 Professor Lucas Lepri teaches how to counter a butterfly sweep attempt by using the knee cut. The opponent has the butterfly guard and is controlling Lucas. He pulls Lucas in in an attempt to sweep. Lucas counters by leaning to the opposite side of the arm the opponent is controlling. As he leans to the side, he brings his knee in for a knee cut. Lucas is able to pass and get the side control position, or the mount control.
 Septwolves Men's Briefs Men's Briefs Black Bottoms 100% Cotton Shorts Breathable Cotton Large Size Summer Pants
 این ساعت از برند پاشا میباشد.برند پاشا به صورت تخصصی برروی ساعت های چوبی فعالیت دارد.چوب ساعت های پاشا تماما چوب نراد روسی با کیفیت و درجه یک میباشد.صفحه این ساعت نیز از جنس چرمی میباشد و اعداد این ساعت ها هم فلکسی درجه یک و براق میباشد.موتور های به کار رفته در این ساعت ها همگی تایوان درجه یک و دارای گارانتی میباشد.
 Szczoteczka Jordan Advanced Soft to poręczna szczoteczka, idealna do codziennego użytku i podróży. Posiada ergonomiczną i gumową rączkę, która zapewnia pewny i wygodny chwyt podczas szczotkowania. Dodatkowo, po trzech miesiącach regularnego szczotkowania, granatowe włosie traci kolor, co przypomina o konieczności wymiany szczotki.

...

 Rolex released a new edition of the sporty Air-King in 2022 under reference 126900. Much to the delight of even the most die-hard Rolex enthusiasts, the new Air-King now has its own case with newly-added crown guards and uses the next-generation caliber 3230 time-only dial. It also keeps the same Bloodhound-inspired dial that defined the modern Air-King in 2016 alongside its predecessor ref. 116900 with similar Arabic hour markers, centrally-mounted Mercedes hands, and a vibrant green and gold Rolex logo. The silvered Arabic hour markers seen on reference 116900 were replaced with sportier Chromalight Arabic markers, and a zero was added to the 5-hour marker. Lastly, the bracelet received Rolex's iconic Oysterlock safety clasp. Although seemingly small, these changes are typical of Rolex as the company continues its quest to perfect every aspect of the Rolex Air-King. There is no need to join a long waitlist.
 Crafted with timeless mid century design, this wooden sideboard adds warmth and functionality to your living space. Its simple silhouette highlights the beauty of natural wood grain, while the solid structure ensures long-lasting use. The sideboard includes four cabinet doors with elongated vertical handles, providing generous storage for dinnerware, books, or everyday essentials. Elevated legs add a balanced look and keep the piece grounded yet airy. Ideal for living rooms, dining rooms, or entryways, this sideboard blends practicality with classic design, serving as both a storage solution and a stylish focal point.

TASK GOAL: Out of the material above, output word for word the line with "Professor Lucas Lepri", the line with "Szczoteczka Jordan Advanced", and all lines between them, with nothing else.

EXERCISE ANSWER:
 Professor Lucas Lepri teaches how to counter a butterfly sweep attempt by using the knee cut. The opponent has the butterfly guard and is controlling Lucas. He pulls Lucas in in an attempt to sweep. Lucas counters by leaning to the opposite side of the arm the opponent is controlling. As he leans to the side, he brings his knee in for a knee cut. Lucas is able to pass and get the side control position, or the mount control.
 Septwolves Men's Briefs Men's Briefs Black Bottoms 100% Cotton Shorts Breathable Cotton Large Size Summer Pants
 این ساعت از برند پاشا میباشد.برند پاشا به صورت تخصصی برروی ساعت های چوبی فعالیت دارد.چوب ساعت های پاشا تماما چوب نراد روسی با کیفیت و درجه یک میباشد.صفحه این ساعت نیز از جنس چرمی میباشد و اعداد این ساعت ها هم فلکسی درجه یک و براق میباشد.موتور های به کار رفته در این ساعت ها همگی تایوان درجه یک و دارای گارانتی میباشد.
 Szczoteczka Jordan Advanced Soft to poręczna szczoteczka, idealna do codziennego użytku i podróży. Posiada ergonomiczną i gumową rączkę, która zapewnia pewny i wygodny chwyt podczas szczotkowania. Dodatkowo, po trzech miesiącach regularnego szczotkowania, granatowe włosie traci kolor, co przypomina o konieczności wymiany szczotki.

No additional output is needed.